Summary
Mr. Utterson and Mr. Enfield are taking one of their customary Sunday strolls and, by chance, their path takes them past “that door,” the door that they agreed never to speak of again. They pause now and look at it. Enfield thinks that Mr. Hyde will never be heard of again, and Utterson is quick to agree. He then asks Enfield if he ever told his old friend that he actually saw Hyde, and, furthermore, that when he saw the man, he was filled with a fierce feeling of revulsion. Enfield remarks that it’s impossible to see Hyde and not feel nauseated.

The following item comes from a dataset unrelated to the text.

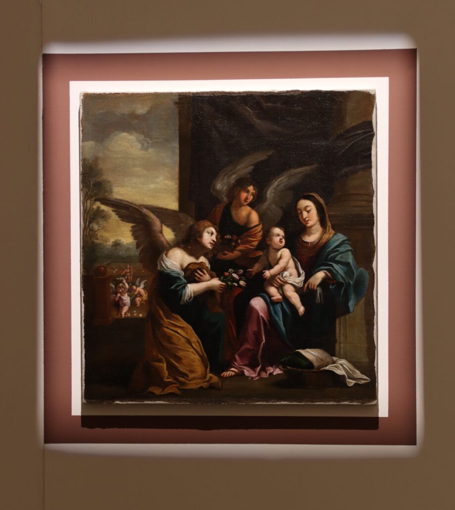 Adoracja Dzieciątka przez anioły. Przypisywany nieokreślonemu warsztatowi północnowłoskiemu. Być może druga połowa XVII w. Obraz był poddawany renowacji w XVIII w. W trakcie obecnych prac konserwatorskich odsłonięto jego pierwotną, pogodną kolorystykę. W zbiorach klasztoru Wizytek w Warszawie. Fot. Jerzy S. Majewski

Utterson suggests that they step into the courtyard for a look at the windows, and as they do, he reveals his uneasiness about Dr. Jekyll’s health. Ominously, he says that perhaps just “the presence of a friend” outside, in the court, might strengthen the poor man.
The two men survey the windows of Jekyll’s quarters, and their eyes are drawn to one window in particular. It is half-open and sitting close beside it, looking like a prisoner in solitary confinement, is Dr. Jekyll. Unhesitatingly, Utterson calls out to the doctor, “Jekyll, I trust you are better.”
Jekyll’s reply is dreary: He feels low, very low, and fears that he “will not last long, thank God.” Trying to cheer his old friend, Utterson urges Jekyll to get out — “whip up the circulation” — and he invites Jekyll to join him and Enfield.
Jekyll sighs. He says that Utterson is a good man for suggesting a stroll together, but he cannot join them; he dare not. Yet, he stresses that he is very glad to see Utterson, and he would like to invite the two men up, but “the place is really not fit.” Utterson suggests then that they converse where they are, and the suggestion causes Jekyll to turn and smile at them. But suddenly his features convulse and freeze in an expression of “abject terror and despair.” The narrator tells us that the change in Jekyll’s expression was so instantaneous and so horrible that it “froze the very blood of the two gentlemen below.”
Jekyll’s window is jerked down so viciously that, without a word, Utterson and Enfield turn and leave the courtyard. They do not speak to one another until they reach a neighboring thoroughfare, where there are “still some stirrings of life.” Both men are so pale that when they look at one another, there is “an answering horror in their eyes.”
Utterson speaks softly, “God forgive us, God forgive us.” Enfield nods, and the two men walk on once more in silence.
Analysis
Chapter 7 is obviously the shortest Chapter in the novel, only about two pages long, but it contains a key scene: During the walk that Utterson and Enfield take, they find themselves before that same door which prompted Enfield to relate the story of his encounter with Hyde in Chapter 1. Likewise, here are the three windows that were half-open in Jekyll’s laboratory, described in Chapter 5. Now the reader is fully aware of the significance of the front of Jekyll’s house with its great facade and its elegant interior, as contrasted to the back entrance (Hyde’s entrance), with its dilapidated structure.
Some readers and students feel cheated that Stevenson does not fully reveal what Utterson saw at the window in Jekyll’s face just before Jekyll slams the window down and disappears. We must only assume that suddenly Jekyll takes on some of Hyde’s traits, and that now both Utterson and Enfield have had a glimpse of the duality of man, of the evil that resides in the soul of man. But whereas Lanyon was a man who could not tolerate such an insight, Utterson and Enfield both belong to a different world. Enfield is “that man about town” who has theoretically seen many sorts of things, and Utterson, from the first pages, is a man who is not quick to judge his fellow man. Yet each of these men, upon seeing something in Dr. Jekyll’s face, feel “abject terror and despair” and what they see freezes “the very blood of the two gentlemen.”